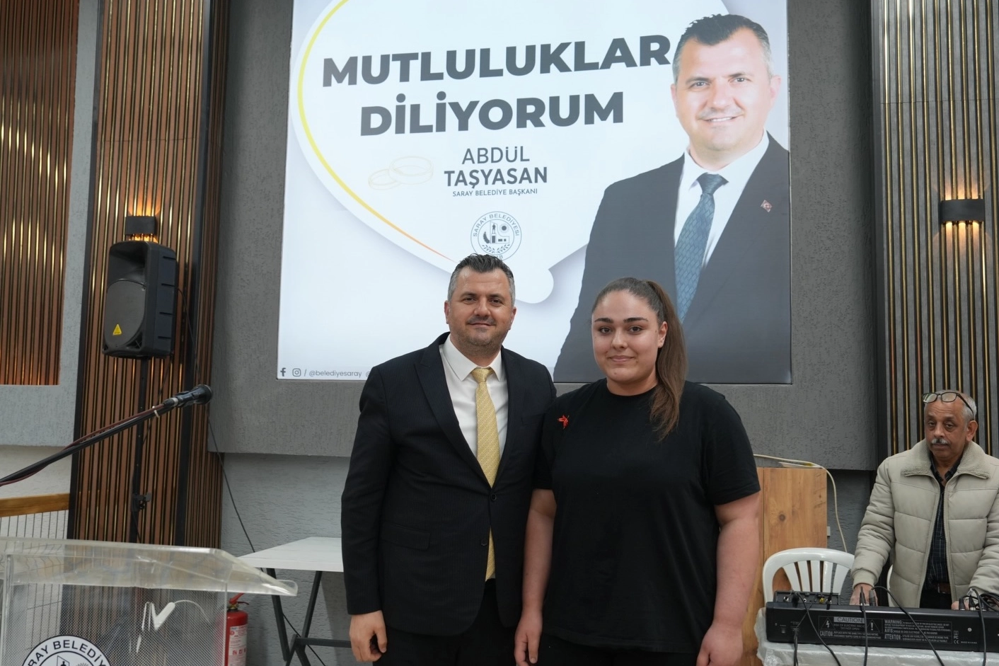 Ayrıca, Adana’da düzenlenen Okul Sporları Bilek Güreşi yarışmasında sağ kolda gümüş, sol kolda altın madalya kazanarak Türkiye Şampiyonu olan Büyükyoncalılı sporcu Sudenaz Kaya, Saray Belediyesi tarafından ödüllendirildi. Belediye yetkilileri, Sudenaz Kaya’yı yürekten kutlayarak başarılarının devamını diledi.
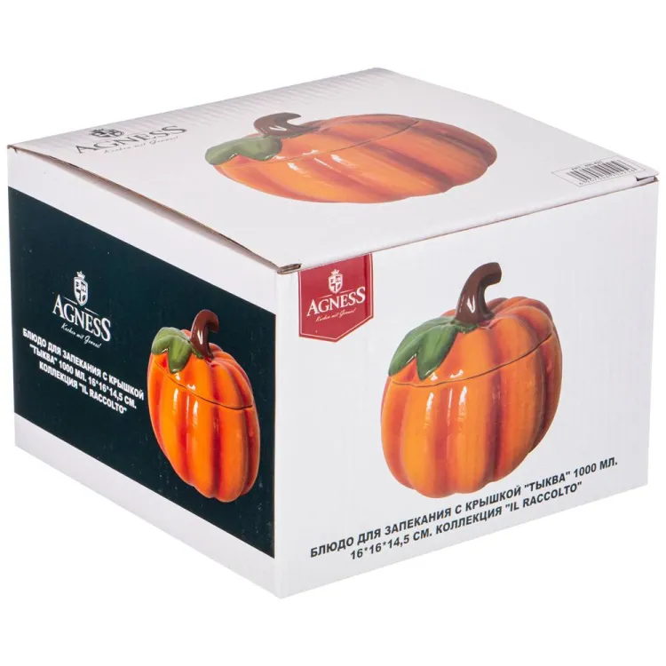 Форма для запекания с крышкой "Тыква" 16х14,5см, 1000мл, цв.оранжевый
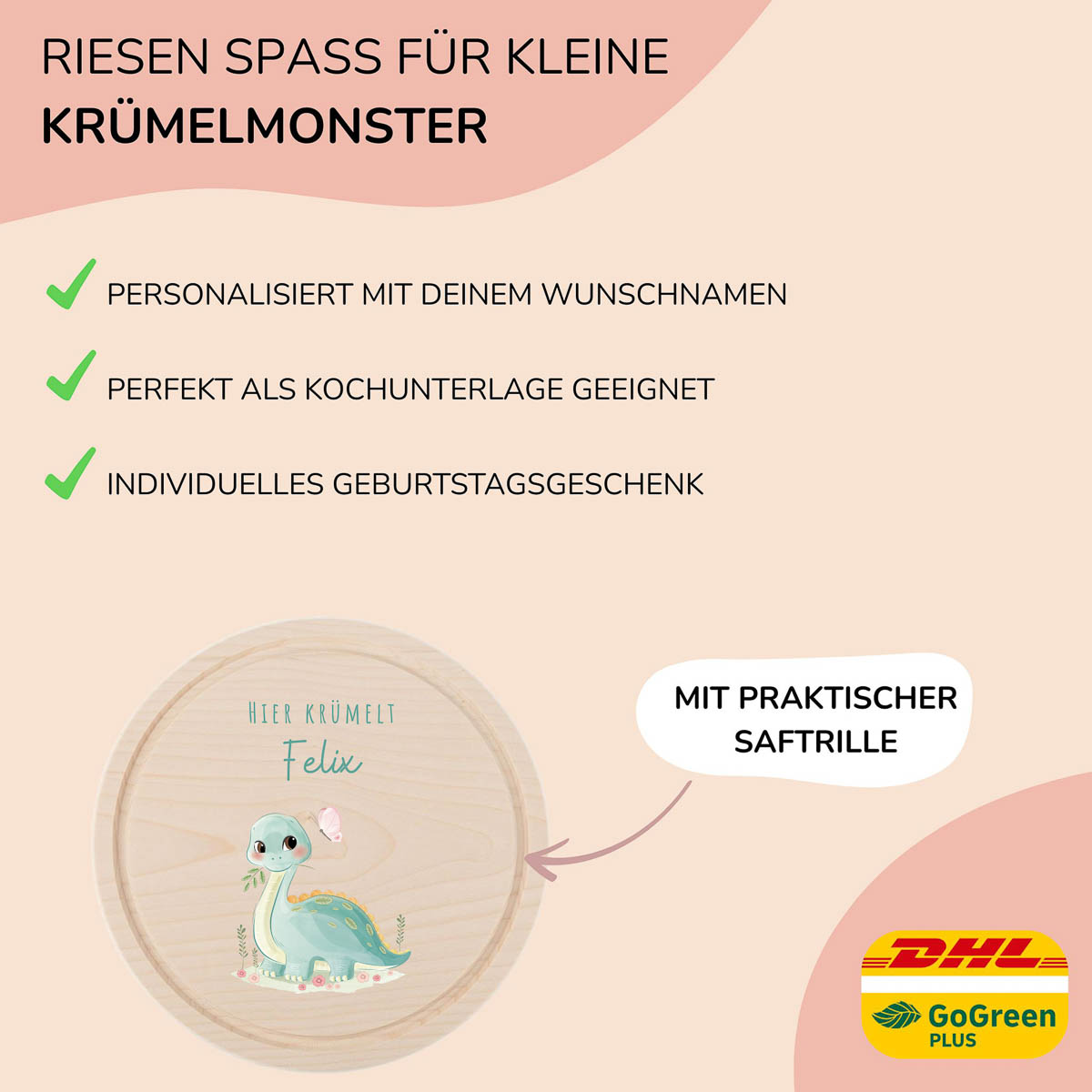 Dieses runde Frühstücksbrettchen mit Dino wird durch die Personalisierung zum echten Lieblingsstück. Gefertigt aus hochwertigem Ahornholz, bedruckt mit umweltfreundlicher Tinte. Die kratzfeste und wasserfeste Oberfläche macht es alltagstauglich.
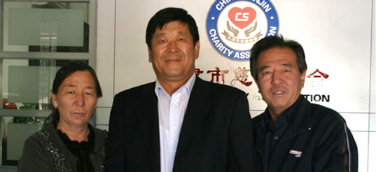 2009荣耀体育(中国)集团董事长崔洪金为阿依努尔捐款10万元,阿依努尔的母亲、舅舅与董事长崔洪金合影
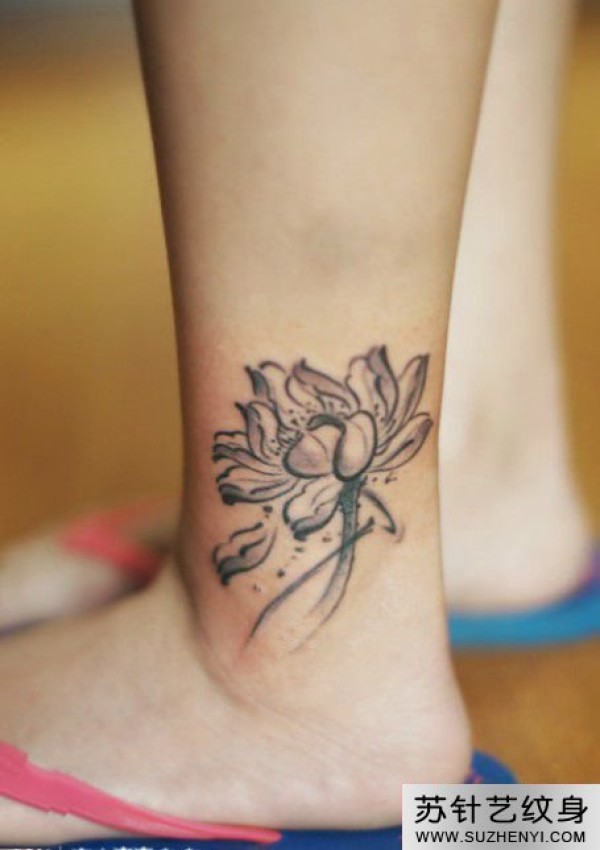 清新荷花脚踝个性纹身_小清新纹身图案大全_纹身图吧
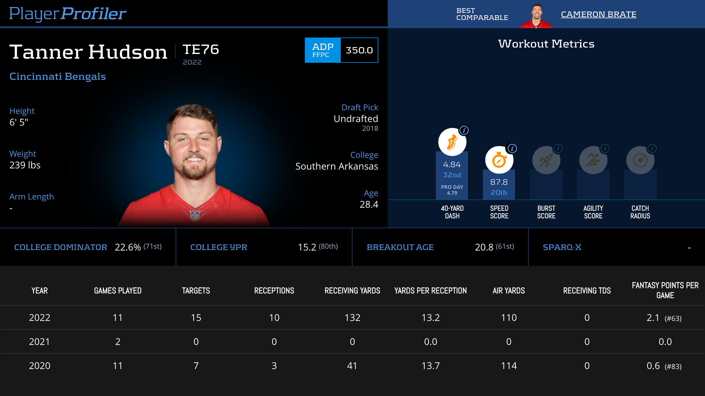 Box score statistics such as targets, yards, touchdowns, and fantasy points per target are updated the next day. Advanced stats and metrics are updated later in the week during the NFL season.
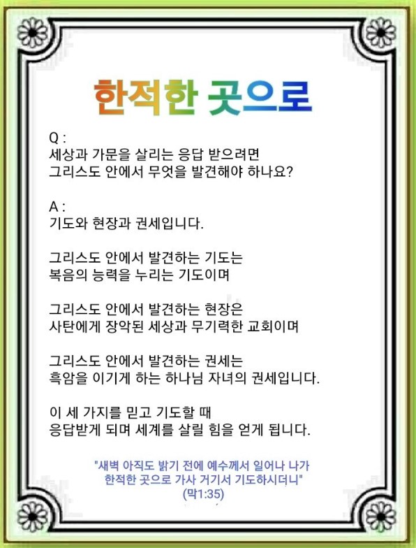 한적한 곳으로 가서 기도하시기 바랍니다. 요셉은 극한 외로움 속에서, 다윗은 쫓기면서도 기도했습니다. 어려움 당할 때 초대교회 중직자들은 원니스되어 기도했습니다. 이 속에서 마가 다락방교회, 안디옥교회, 롬16장의 인물이 탄생했습니다.
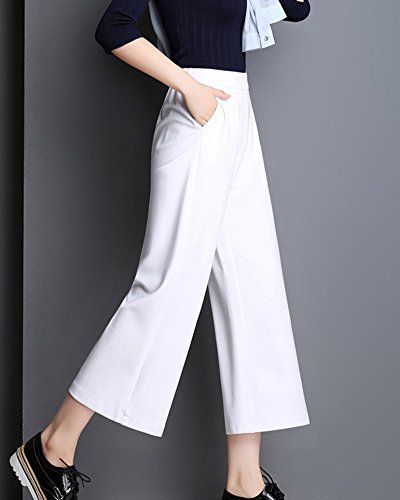 Quge Donne Pantaloni Epoca delle a Vita Alta Gamba Larga Svasato Palazzo Pants Trousers Bianca S
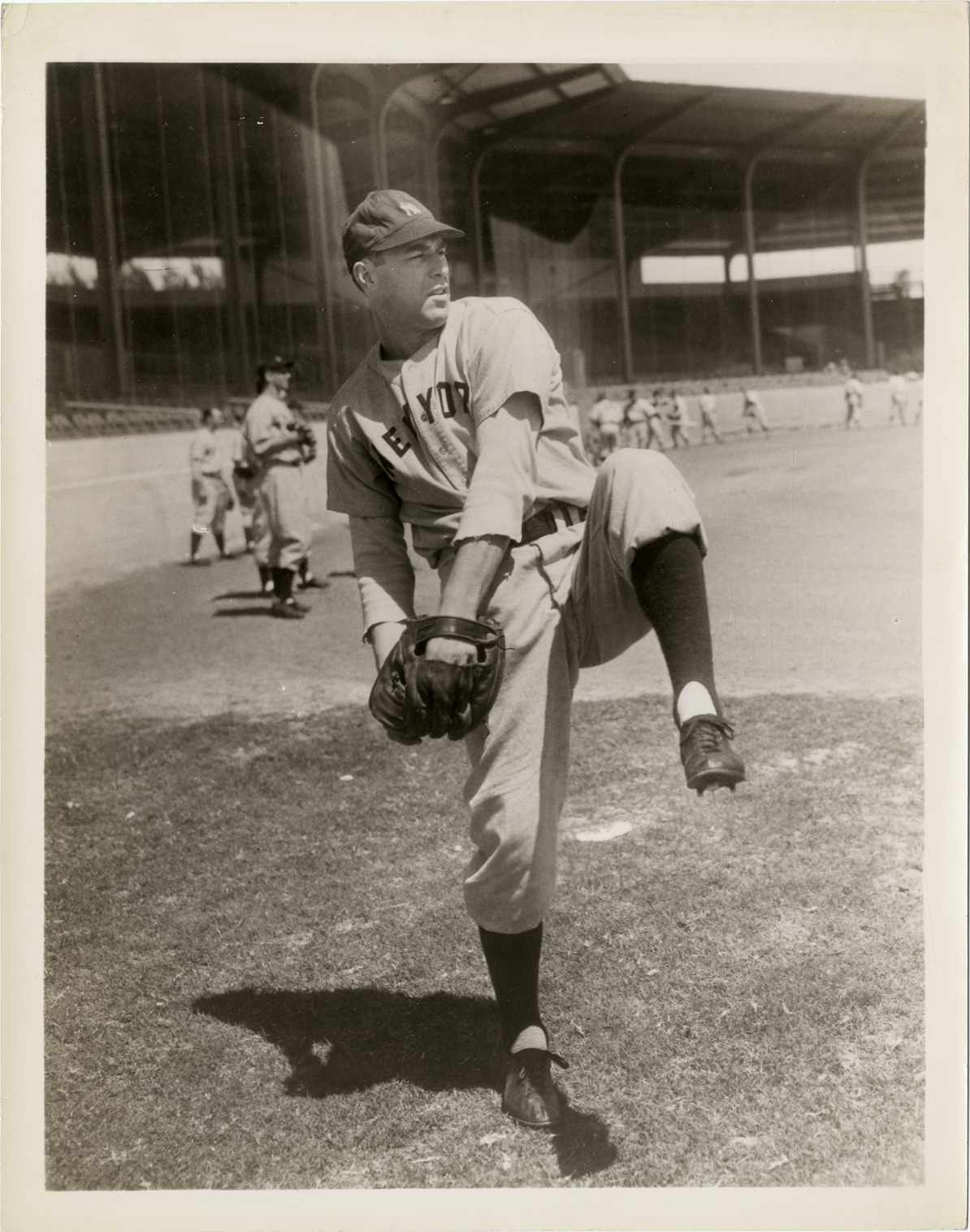 View of Bill Bevens, pitcher for the New York Yankees. Grandstand in background. Handwritten on back: "Floyd Bevens, RHP, Yankees."
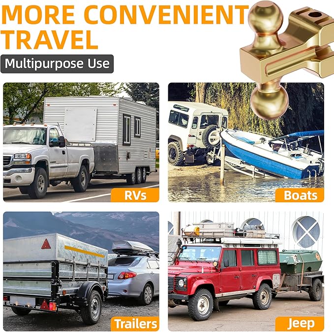 - VERSATILE USAGE: LOCAME adjustable trailer hitch can perfectly fit any standard 2'' receiver, rear bumper, agricultural machines and dual receiver extender with the same size. This trailer hitch has 2 different sizes of tow balls, allowing you to tow trailers with different coupler sizes
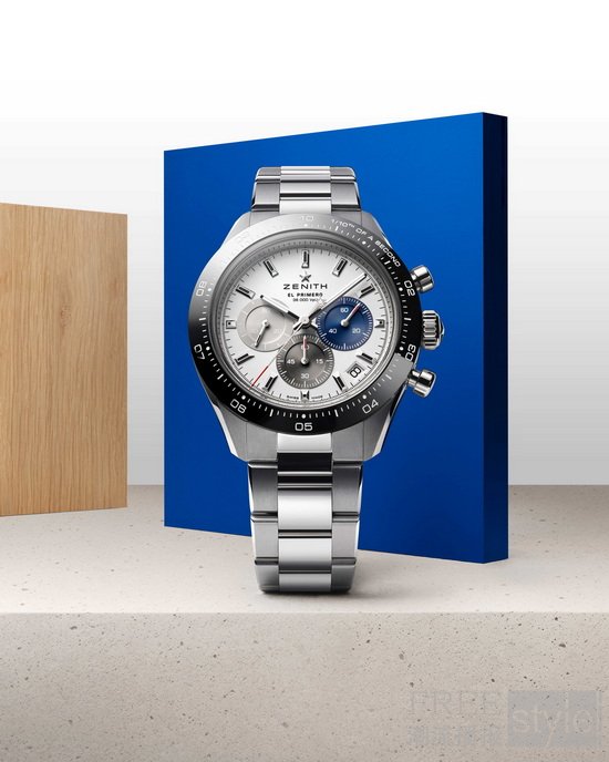 品牌标志性的交叠三色计时盘,以灰色、岩灰色和蓝色再现1969年El Primero星速机芯的经典设计。镶贴式棒状时标与刻面指针涂覆Super-LumiNova C1超级夜光物料,确保清晰读时,延续了CHRONOMASTER旗舰系列腕表一以贯之的实用美学。
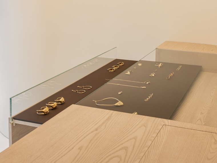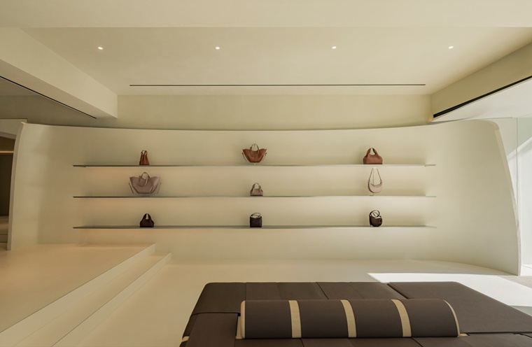 매장 내부에는 세련되고 간결한 공간을 바탕으로 다양한 소재와 색상이 어우러진 섬세한 조화가 눈길을 사로잡으며, 그 뒤로 이어지는 가죽 의자와 임정주 가구 디자이너가 은행나무를 조각하여 만든 가구, 그리고 가죽의 질감을 사실적으로 묘사한 이다솔 작가의 도자기 탁자를 볼 수 있다.
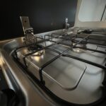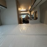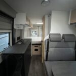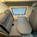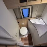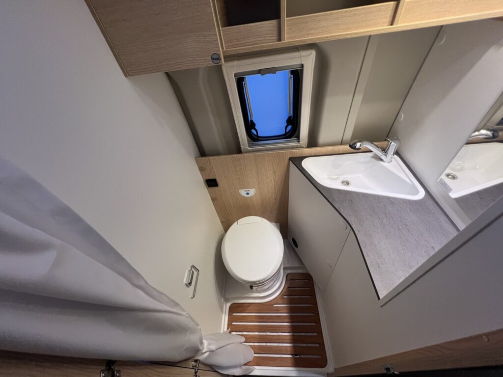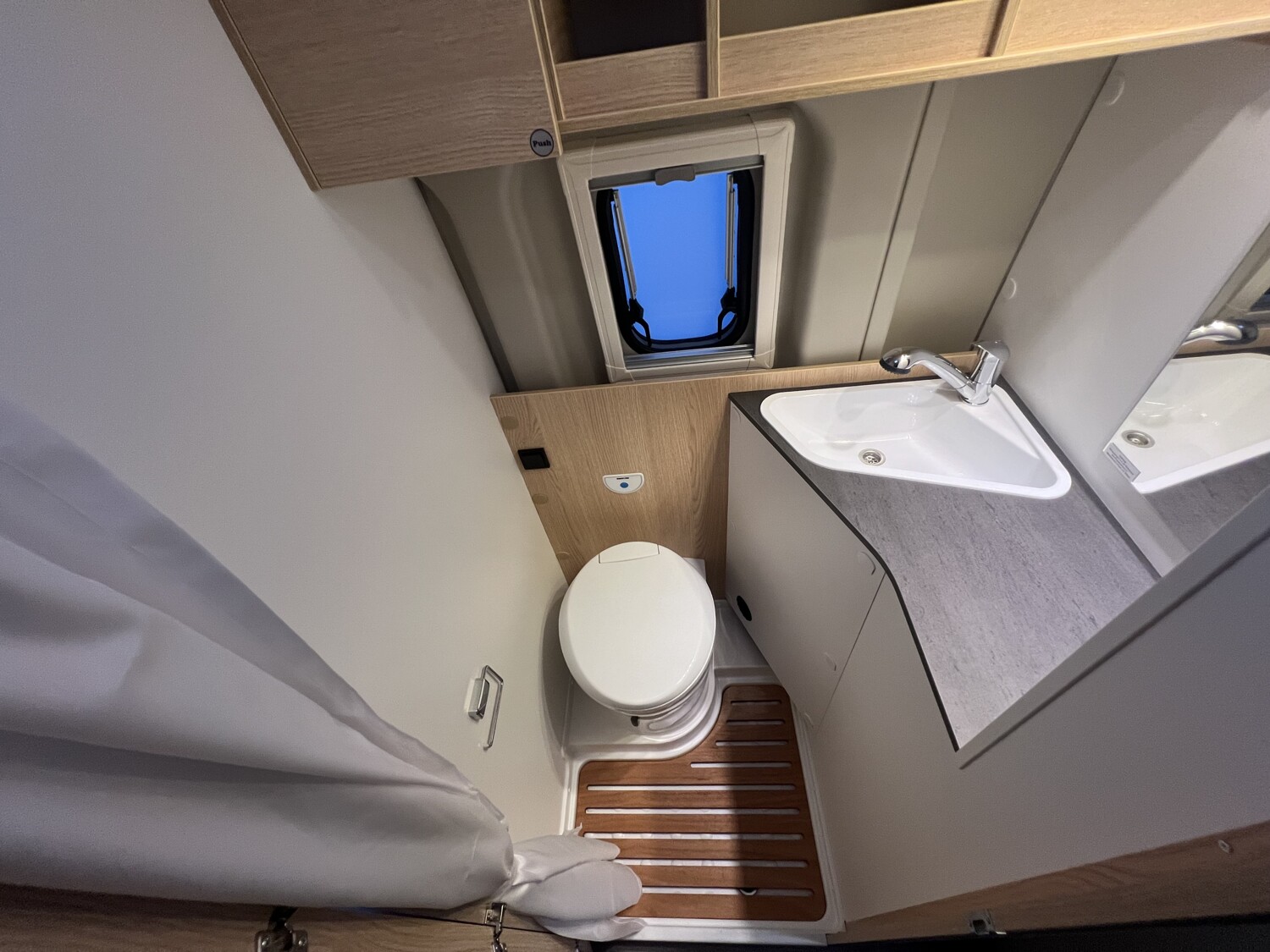 - Basic Paket (Panoramadachhaube 70 x 50 cm, Duschausstattung (Brausekopf ausziehbar, Duschvorhang, Führungsschiene, Brausehalter), Fenster im Bad, Kleiderstange in der Nasszelle, Breite Einstiegsstufe, Drehplatte für Tischerweiterung an der Sitzgruppe)

· · ·

● **Required work**: The lines above starting at the one that holds "Форма для запекания" and ending at the one that holds "清新荷花脚踝个性纹身_小清新纹身图案大全_纹身图吧" are to be written out exactly, ends included, and no pictures are to be copied.

● **Problem solution**:
 Форма для запекания с крышкой "Тыква" 16х14,5см, 1000мл, цв.оранжевый
 Dieses runde Frühstücksbrettchen mit Dino wird durch die Personalisierung zum echten Lieblingsstück. Gefertigt aus hochwertigem Ahornholz, bedruckt mit umweltfreundlicher Tinte. Die kratzfeste und wasserfeste Oberfläche macht es alltagstauglich.
 2009荣耀体育(中国)集团董事长崔洪金为阿依努尔捐款10万元,阿依努尔的母亲、舅舅与董事长崔洪金合影
 清新荷花脚踝个性纹身_小清新纹身图案大全_纹身图吧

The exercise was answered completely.